# Question about jetting my carb!



## deputy865 (Feb 7, 2004)

Alright, so I'm finally going to be jetting my quad and I just want to be sure to I'm going to get it right...

Mods that would be relevant to topic:
(2005 Honda 400ex)
Full big gun exhaust
Uni Air filter
Plan on running without the airbox lid

My jetting plans:

175 main
45 Pilot 
Needle on the 3rd clip (?)
Fuel screw 2 - 2.5 turns out (?)

Now, the question.. Will I be fine with a 45 pilot? I REALLY wanted the 42, but Rocky Mountain is out of them and I can't seem to find the 42 anywhere else... Unless I want one from overseas (eBay) and get it in 3 weeks..... Trying to get this finished up asap. 

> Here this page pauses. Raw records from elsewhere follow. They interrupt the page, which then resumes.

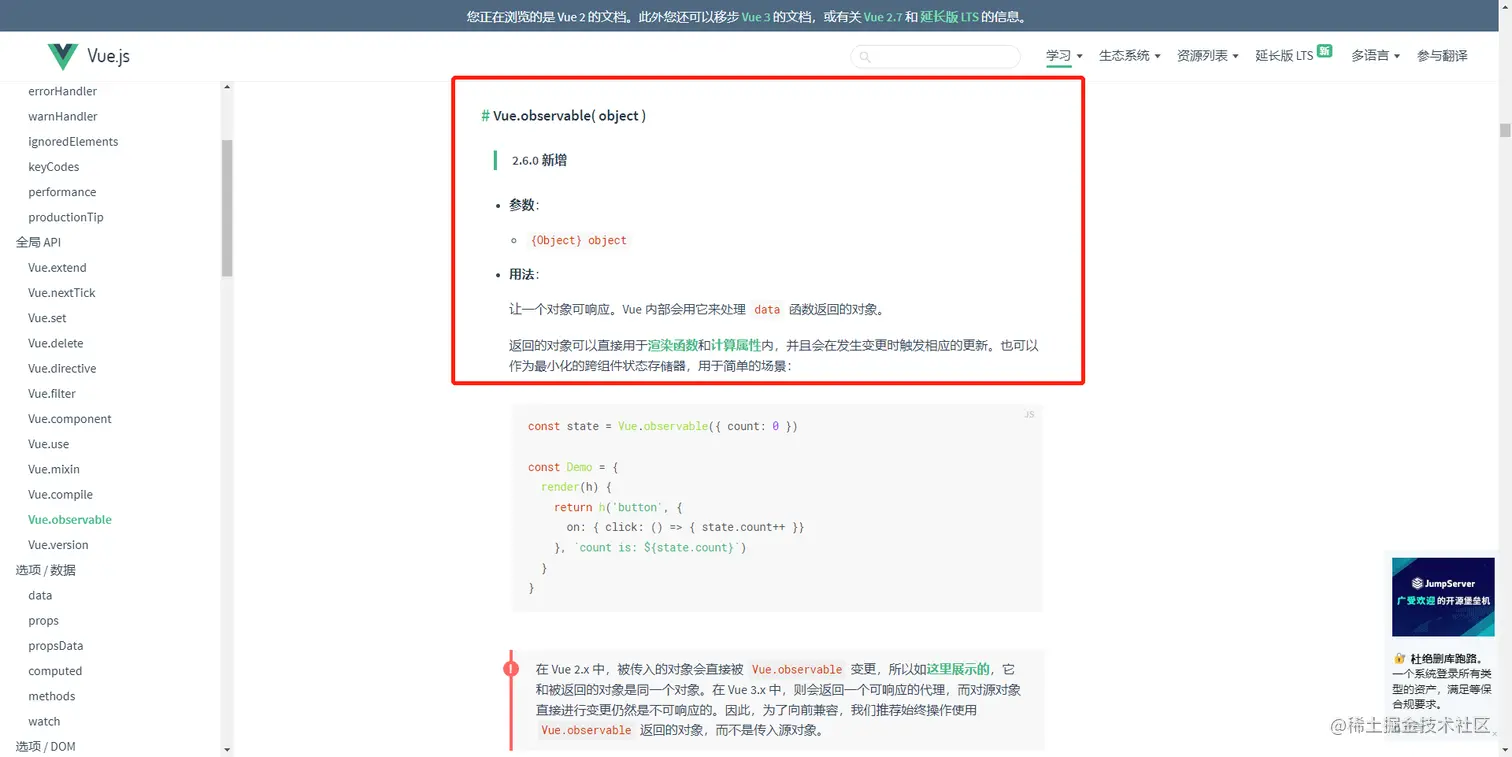 vue2.6 新增了一个api Vue.observable(object),用于将一个对象变成响应式对象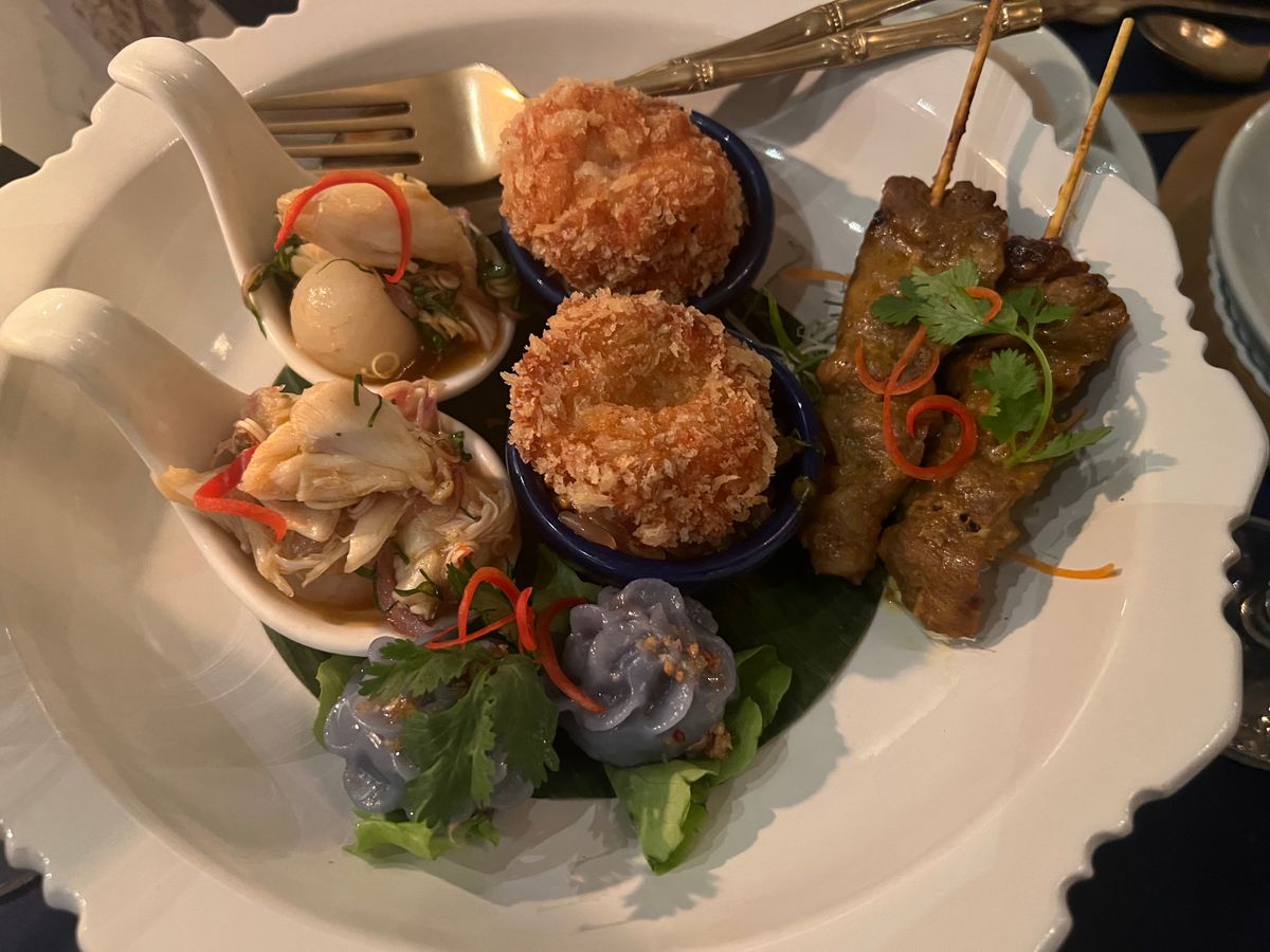 その後は次々とお料理が順番にコース仕立てで運ばれてきますが、その間もアナウンス(タイ語と英語)で車窓から見える景色の説明とお料理の説明があります。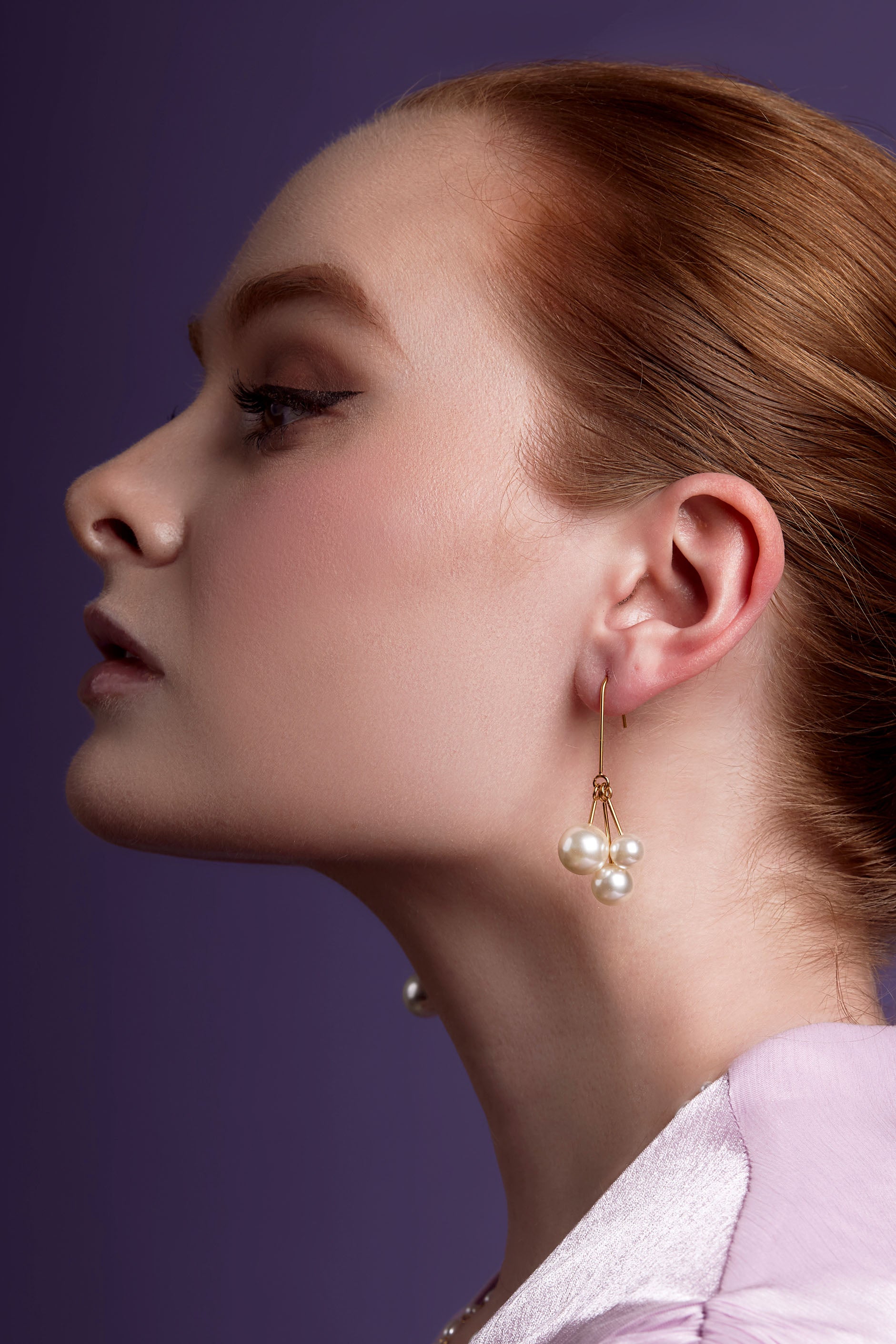 Drop earring featuring a cluster of pearls hanging from a sleek hook.

Just looking for my options so I can submit my order(s).

Thanks!

Shane


----------



## Burksee (Jan 15, 2003)

IMO in the end your pilot jet is not going to be as much of a factor as your main jet will be. Pilot jet is more low/mid range performance and starting richer is always a good choice but watch your plugs like a newborn until you've got it dialed in. Running without an airbox top or doing any mods to an airbox or filter usually will immediately take it the lean side. As mentioned once mods have done to the air box, the engine or exhaust all bets are off and you really need to watch your plug and compare it your performance and power.


----------



## GrizzlyHunter (Jun 17, 2005)

My suggestion would be for you to go to ThumperTalk.com, and look up your bike make, then model, the review that forum section. There's more info on that site than you could read in a lifetime.

Good luck!


----------



## link523 (Dec 1, 2006)

if you need jets try jets r us . atv carb tuning http://www.atvriders.com/articles/jetting.html


----------



## GrizzlyHunter (Jun 17, 2005)

link523 said:


> if you need jets try jets r us . atv carb tuning http://www.atvriders.com/articles/jetting.html


Nice educational link. Thanx for posting!


----------